The Budget’s announcement of the Fisheries and Aquaculture Infrastructure Development Fund and the Animal Husbandry Infrastructure Development Fund has to be acknowledged as a welcome move. There is a clear intent here to support this sector. However, to succeed, it will be important for the government to acknowledge and protect the entire value chain of all livestock. The ongoing reign of terror – the bans, the lynchings – cannot be allowed to come in the way of this initiative.

Healthcare access to all
Health is a major cause of indebtedness – in fact, this is another issue linked to farmers and the state they are in.
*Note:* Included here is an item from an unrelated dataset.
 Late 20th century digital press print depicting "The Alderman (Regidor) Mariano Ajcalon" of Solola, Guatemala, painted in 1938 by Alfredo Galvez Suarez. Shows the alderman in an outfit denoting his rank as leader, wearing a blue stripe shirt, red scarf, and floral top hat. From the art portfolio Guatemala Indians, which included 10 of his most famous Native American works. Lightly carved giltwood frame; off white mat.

Narain calls the proposed national health insurance scheme a “very major step forward”. She cautions, however, that effective delivery of the scheme would be the only measure of its success.
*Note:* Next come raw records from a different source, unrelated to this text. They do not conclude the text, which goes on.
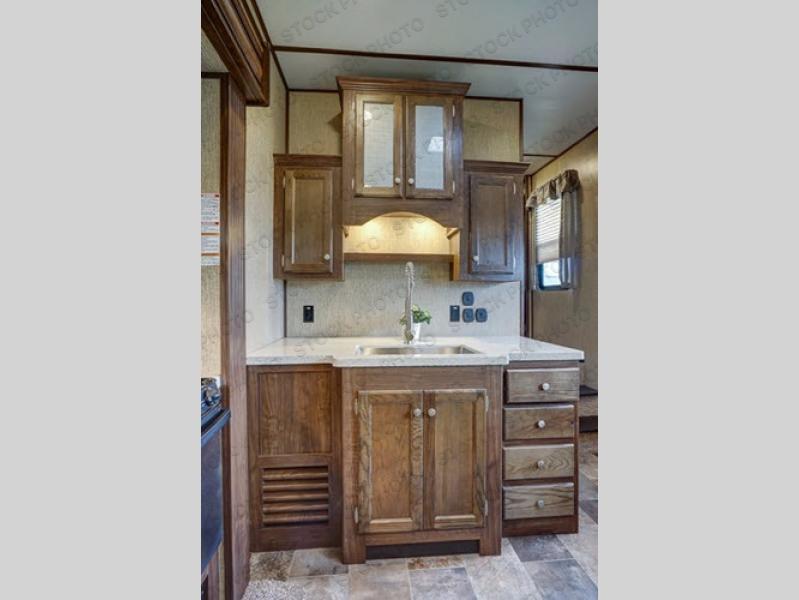 Heading towards the kitchen area you will find a dinette with booth seating along the curb side wall and three chairs on the opposite side. Along the interior wall find a kitchen sink with counter space on both sides plus overhead storage for your dishes and things. The kitchen continues to provide everything you need to prepare and cook food for your family including a slide out three burner range, an 18 cu. ft. residential refrigerator, and a pantry for your non-perishables.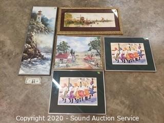 Lot #0408: 5pc Original & Lithograph Artwork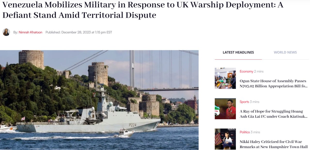 Газета Financial Times сообщила со ссылкой на представителя минобороны Великобритании, что Соединенное Королевство разместит у берегов Гайаны патрульный корабль в знак поддержки государства в территориальном споре с Венесуэлой.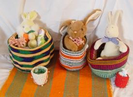 Variety of baskets (kiondos). Some are hand-woven by grandmothers raising HIV orphans in Kitui, Kenya. Made of hemp and yarn. Others are woven from hemp and have handles so that they can also be used as purses. Many are crocheted from recycled plastic grocery bags. They are perfect as Easter baskets, potted plant covers, kitchen utensil holders. Priced from $8-30. Diameters 6" to 15". Various colors. Each of these baskets has a story--great conversation starters. The grandmothers have no other way to help support themselves as they care for their orphaned grandchildren.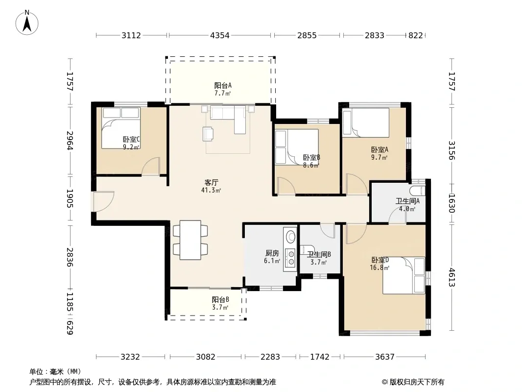 户型齐全,主打南北通透,户型方正三居

Narain also points out that putting in place such schemes are essentially curative steps – what India desperately needs today is preventive action as well. The country is witnessing a massive surge in incidence of non-communicable diseases (see our latest reports on it in Body Burden: State of India’s Health, www.cseindia.org), largely triggered by a whole range of environmental factors from air pollution and toxins in the environment to junk food. Over 61 per cent of all deaths in India are due to NCDs. The Budget does nothing to address this concern.

Bamboo gets its due place in the sun
CSE has always been a strong proponent of using bamboo for building livelihood security, especially for the tribal poor – in the light of this, the government’s proposal to restructure the National Bamboo Mission and promote the bamboo sector in a holistic manner is a positive step. Says Richard Mahapatra, managing editor of Down To Earth, an environment-development fortnightly CSE helps publish: “The Budget’s initiative on bamboo is another game changer. Bamboo has already been declared a grass. Now it can become something that tribals can grow and trade in. It also has climate benefits. Revival of the Mission is also a welcome step, since it was becoming non-functional.”
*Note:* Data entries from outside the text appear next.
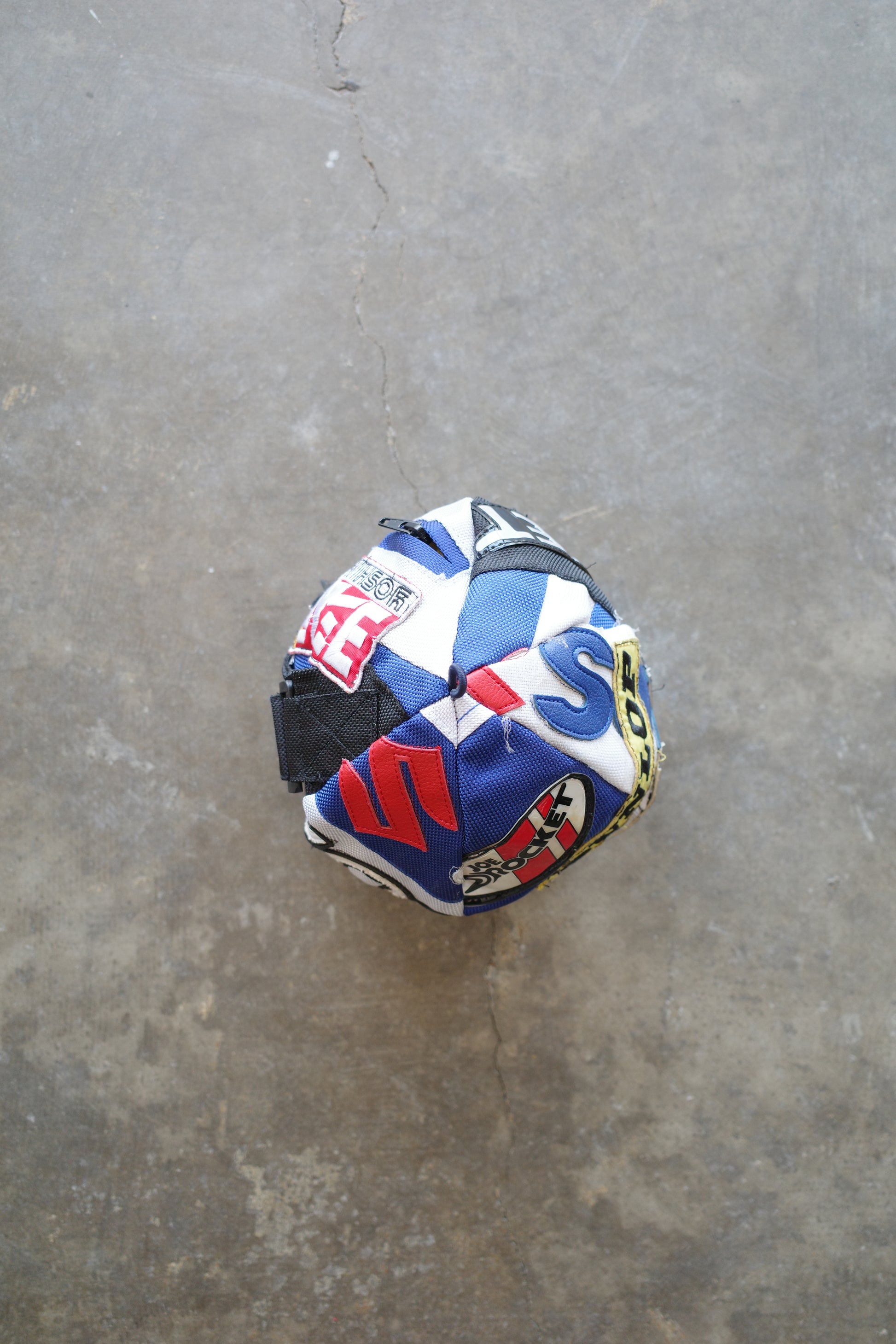 nag nag Ball Bag(S) made from vintage motorcycle pants & lots patches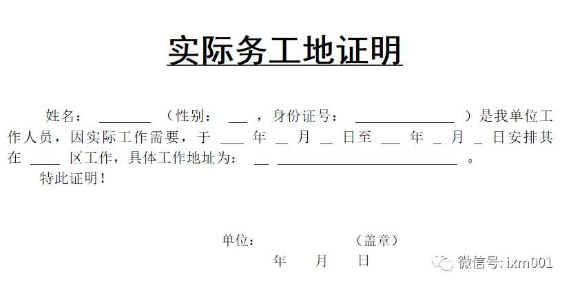 8、湖里区实际务工地证明的格式: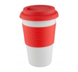 Keramický hrnček so silikónovým viečkom a uchytením, 400 ml.

Does the Budget address concerns of pollution?
The issue of air pollution – which has steadily acquired the status of a national emergency -- has been tackled rather briefly through a “special scheme” to manage crop residues. The scheme offers to help the governments of Haryana, Punjab, Uttar Pradesh and Delhi-NCR by subsidising the machinery for management of crop residues. Says Anumita Roychowdhury, CSE’s executive director and the head of its Right to Clean Air campaign: “The scheme is welcome and one which is desperately needed. The Environment Pollution (Prevention and Control) Authority (EPCA) has already endorsed the report of the sub-committee set up by the Prime Minister’s Office on this issue. However, the scheme has to be detailed out and implemented quickly – the machines must come before next winter, the season when stubble burning is usually at its peak. The clock is ticking.” 

Roychowdhury goes on to add: “The Budget does not seem to recognize the urban air pollution challenge as an issue of national importance. Air pollution is not a problem that afflicts only the Delhi-NCR region and its adjoining states – every major city in India is now burdened with it.” CSE analysts say that two key sectors that need immediate intervention in the form of enhanced infusion of funds – mobility and clean fuels – have been ignored.  

The Ujjwala conundrum
Air pollution resulting from biomass burning for cooking is a huge contributor to the disease burden of millions of Indian women, especially in rural and semi-urban sectors. In the light of this, it is imperative that poor households must be given access to clean and affordable energy for cooking. In the words of Narain, “this is India’s biggest energy crisis”.  

Mr Jaitley has announced an expansion of the Ujjwala scheme to benefit 80 million poor families, who will be given free cooking gas connections. But CSE analysts point out that in many cases, people have not refilled their empty gas cylinders – simply because they cannot afford to. The scheme’s overall implementation, hence, needs careful scrutiny and monitoring.